|It is impossible for you to lose a friend if you do not rush with open arms and phone lines to join her budding empire. The reason is that if this person is no longer friendly with you after you decline her offer, she was not really your friend in the first place, and you can't lose what you didn't have.|
Your friend keeps advising you to listen to the facts, but if she really believes that, she is missing an important one herself: research has found that some of the most powerful and effective decision-makers actually rely heavily on "gut feel."
"Gut feel" is the result of your mind putting the present decision through a filter made up of all of your experiences over the years. The result is that you get a visceral reaction to the decision: either you can stomach it or you cannot.
This means that your experience is telling you to pass on this one, even if your friend's multi-level company has the perfect antacid to quell your nervous stomach.
At the same time, it sounds like you have been expressing some uncertainty to your friend as to whether you will or will not join. As long as she senses that the door is even slightly open, she will keep trying to squeeze through.

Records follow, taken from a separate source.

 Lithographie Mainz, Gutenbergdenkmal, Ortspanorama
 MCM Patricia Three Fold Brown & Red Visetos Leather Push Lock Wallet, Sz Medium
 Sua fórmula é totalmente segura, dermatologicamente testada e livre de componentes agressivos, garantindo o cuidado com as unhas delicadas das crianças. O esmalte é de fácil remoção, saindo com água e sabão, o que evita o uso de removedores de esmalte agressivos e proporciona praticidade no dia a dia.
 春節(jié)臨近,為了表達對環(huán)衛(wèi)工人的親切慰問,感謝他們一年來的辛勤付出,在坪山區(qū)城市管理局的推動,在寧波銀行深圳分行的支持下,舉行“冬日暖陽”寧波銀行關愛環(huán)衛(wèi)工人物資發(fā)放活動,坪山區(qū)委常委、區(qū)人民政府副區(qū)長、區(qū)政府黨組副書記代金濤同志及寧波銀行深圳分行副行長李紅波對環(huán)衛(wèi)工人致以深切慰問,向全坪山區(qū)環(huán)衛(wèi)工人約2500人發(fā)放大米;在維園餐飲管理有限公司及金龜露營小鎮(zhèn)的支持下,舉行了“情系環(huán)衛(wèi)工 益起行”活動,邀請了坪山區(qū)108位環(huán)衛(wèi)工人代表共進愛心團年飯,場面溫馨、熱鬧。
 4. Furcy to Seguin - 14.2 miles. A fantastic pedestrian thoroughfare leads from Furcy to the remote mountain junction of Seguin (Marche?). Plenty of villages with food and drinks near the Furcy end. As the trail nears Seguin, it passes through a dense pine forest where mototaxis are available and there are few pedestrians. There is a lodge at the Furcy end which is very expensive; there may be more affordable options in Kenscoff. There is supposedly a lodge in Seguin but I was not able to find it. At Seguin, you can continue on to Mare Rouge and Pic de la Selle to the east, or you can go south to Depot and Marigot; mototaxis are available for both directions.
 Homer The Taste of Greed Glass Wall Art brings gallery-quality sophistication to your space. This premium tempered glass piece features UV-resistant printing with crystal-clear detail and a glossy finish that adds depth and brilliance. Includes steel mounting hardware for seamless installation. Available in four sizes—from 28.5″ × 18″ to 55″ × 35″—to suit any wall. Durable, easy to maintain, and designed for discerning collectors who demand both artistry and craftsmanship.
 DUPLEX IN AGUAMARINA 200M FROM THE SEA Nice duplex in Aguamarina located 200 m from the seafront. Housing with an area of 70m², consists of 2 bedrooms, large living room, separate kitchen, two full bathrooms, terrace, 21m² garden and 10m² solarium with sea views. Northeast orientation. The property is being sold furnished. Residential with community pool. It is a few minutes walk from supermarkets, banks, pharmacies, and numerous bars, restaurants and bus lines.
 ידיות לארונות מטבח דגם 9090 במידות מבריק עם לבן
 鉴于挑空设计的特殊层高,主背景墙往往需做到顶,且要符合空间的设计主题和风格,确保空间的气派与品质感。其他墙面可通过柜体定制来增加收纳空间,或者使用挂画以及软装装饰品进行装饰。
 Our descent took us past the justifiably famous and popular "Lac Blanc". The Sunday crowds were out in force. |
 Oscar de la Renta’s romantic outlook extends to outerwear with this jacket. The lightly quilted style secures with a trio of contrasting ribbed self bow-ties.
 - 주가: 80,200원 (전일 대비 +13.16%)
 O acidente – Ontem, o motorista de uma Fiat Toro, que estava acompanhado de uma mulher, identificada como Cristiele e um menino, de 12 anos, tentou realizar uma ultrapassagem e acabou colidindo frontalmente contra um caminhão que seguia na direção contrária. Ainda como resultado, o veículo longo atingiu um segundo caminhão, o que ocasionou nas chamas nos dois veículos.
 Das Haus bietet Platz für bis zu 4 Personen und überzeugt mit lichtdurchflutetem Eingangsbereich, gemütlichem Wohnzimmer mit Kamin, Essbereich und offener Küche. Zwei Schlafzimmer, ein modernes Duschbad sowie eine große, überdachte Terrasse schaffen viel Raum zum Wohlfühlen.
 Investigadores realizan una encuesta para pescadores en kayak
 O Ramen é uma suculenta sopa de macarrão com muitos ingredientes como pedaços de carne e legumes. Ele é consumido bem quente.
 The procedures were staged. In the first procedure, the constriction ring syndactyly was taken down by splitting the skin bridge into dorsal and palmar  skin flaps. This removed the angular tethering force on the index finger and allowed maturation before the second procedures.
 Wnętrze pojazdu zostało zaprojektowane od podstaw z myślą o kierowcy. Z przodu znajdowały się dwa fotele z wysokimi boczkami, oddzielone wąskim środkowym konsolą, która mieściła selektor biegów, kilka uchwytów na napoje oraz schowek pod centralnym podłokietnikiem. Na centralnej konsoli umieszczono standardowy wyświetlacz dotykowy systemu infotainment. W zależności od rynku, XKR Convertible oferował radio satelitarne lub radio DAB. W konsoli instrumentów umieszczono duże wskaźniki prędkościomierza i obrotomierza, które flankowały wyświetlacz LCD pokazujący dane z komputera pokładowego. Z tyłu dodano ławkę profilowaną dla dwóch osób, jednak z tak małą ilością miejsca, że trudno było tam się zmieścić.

The time has come to tell her that you have made a final decision -- no wavering, no equivocating, and no procrastinating. You can thank her for letting you look over the opportunity, and you can honestly tell her that you hope it is successful for her...but it is not an opportunity that you wish to pursue, and you hope that she will understand. You can also tell her you hope that your friendship will continue intact.
It is said that you cannot put a price on friendship, and you are about to see if that is true.